In a stunning reversal from over a decade of ruling differently, last Friday the SEC released a “no-action” letter saying it will not go after intermediaries in merger & acquisition transactions for failure to register as a broker-dealer even if they receive a commission equal to a percentage of the size of the deal, no matter how big.
In a no-action letter the SEC staff responds to requests for interpretation of rules. They determine whether they would not recommend enforcement action against someone for a particular activity. Technically only the parties addressed can rely on the letters, which do not represent the views of the SEC commissioners and can change or be overruled at any time. As a practical matter, most practitioners do rely on no-action letters, at least until they are changed. In this case they issued the letter basically to any brokers who complete the sale of control of a privately held business and don’t help arrange financing.

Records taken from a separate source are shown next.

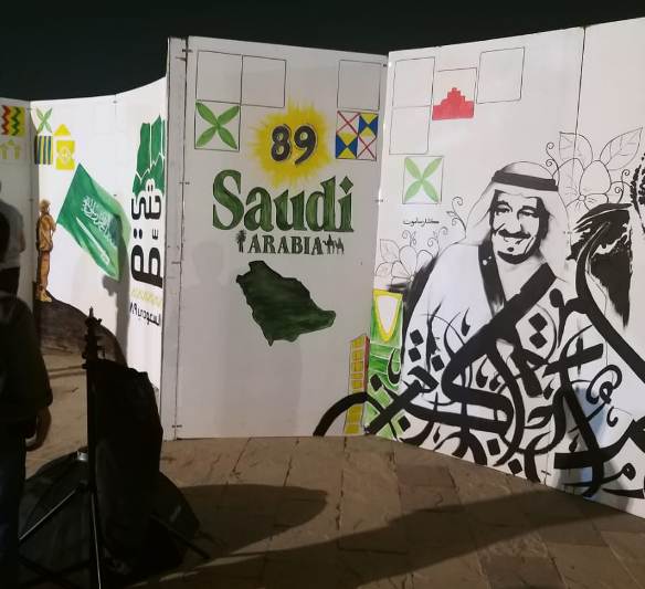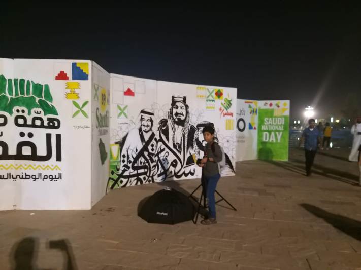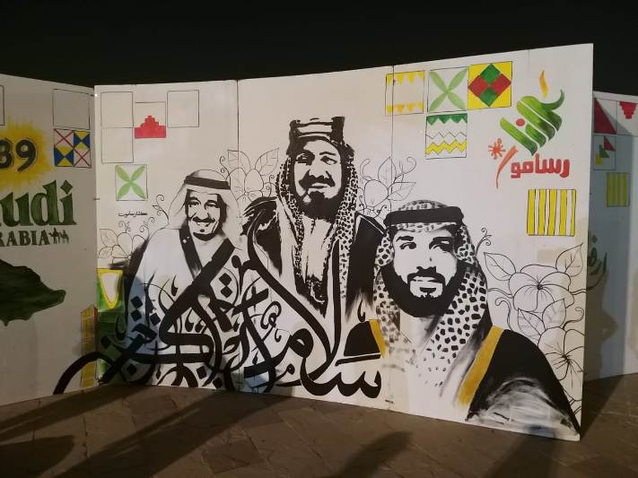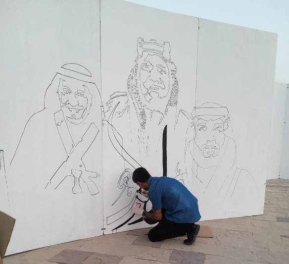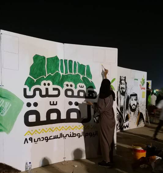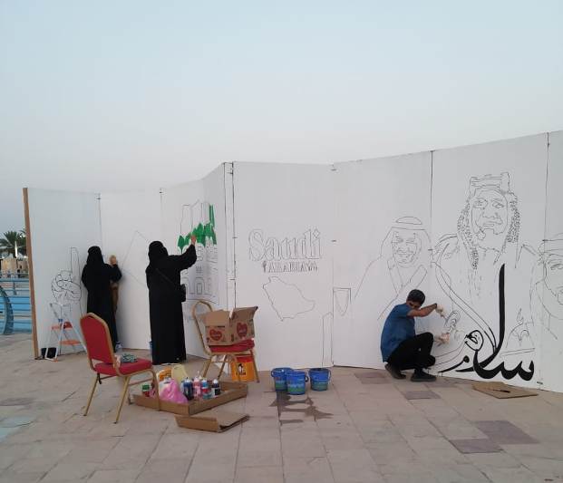 شاركت مجموعة «كلنا رسامون» برسم جدارية احتفالا بالعيد الوطني الـ 89، وذلك أمس الإثنين في منتزه الملك عبدالله البيئي بالأحساء.
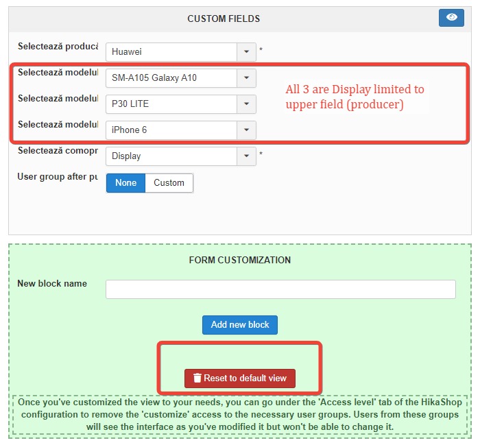 After I select my options and save the product, a new FORM CUSTOMISATION it is created and all the custom fields with "Display limited to" are visible.
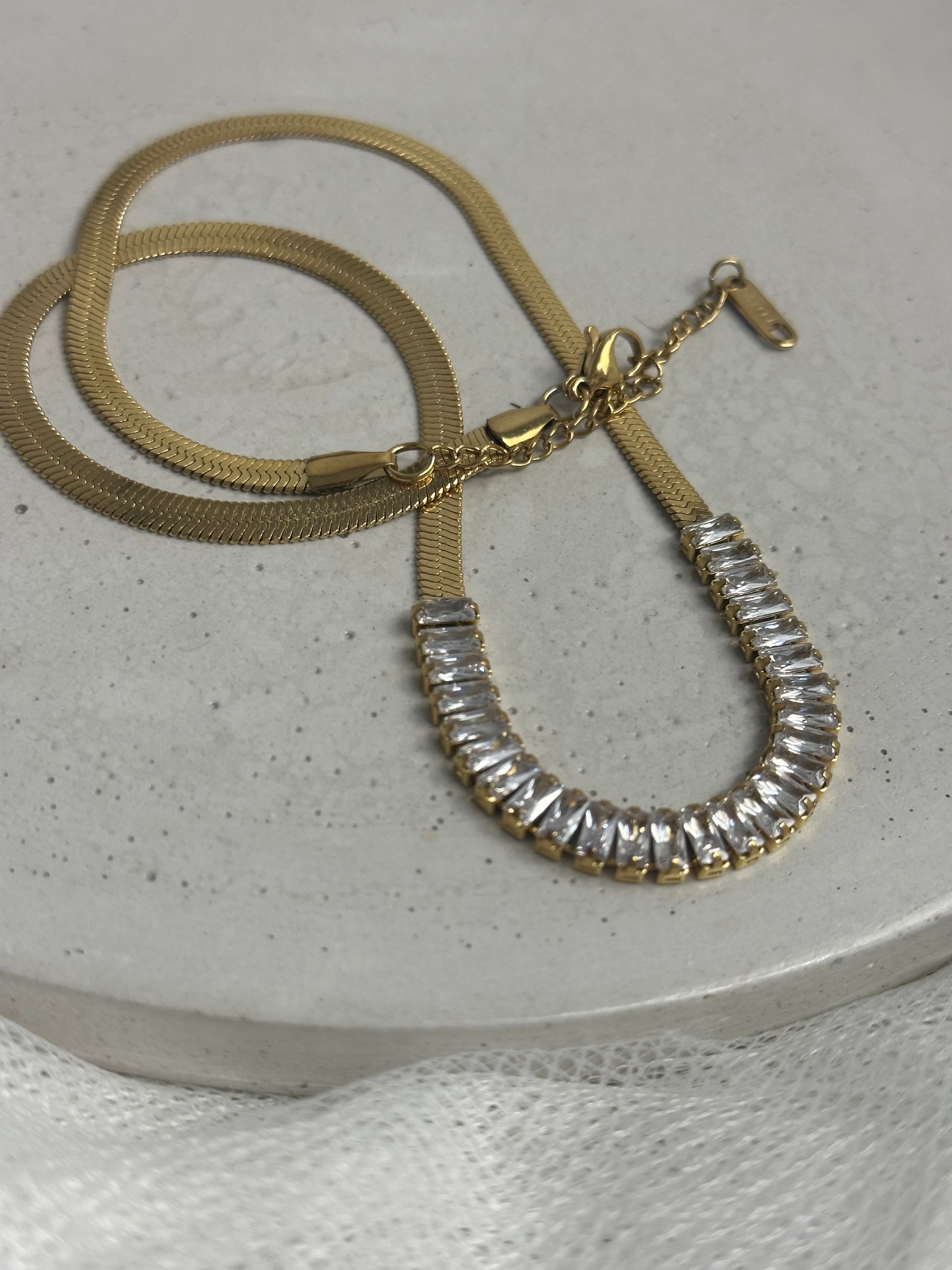 Χρυσή αλυσίδα λαιμού τύπου snake με πετρούλες ζιργκον.

So now an intermediary can arrange the sale of any private company, even very large ones, and receive a commission on the sale without an expensive and burdensome SEC registration as a broker. This is even better than legislation working its way through Congress, which would require registration, albeit a simple and automatic one. This is a complete exemption, which is great. The M&A community, however, is still pushing for the legislation since history has shown the SEC can and does changes its position over time. One also hopes the SEC considers similar relief for finders of private capital much as existed before a series of unfortunate no-action letters in the early 2000s. But good step SEC!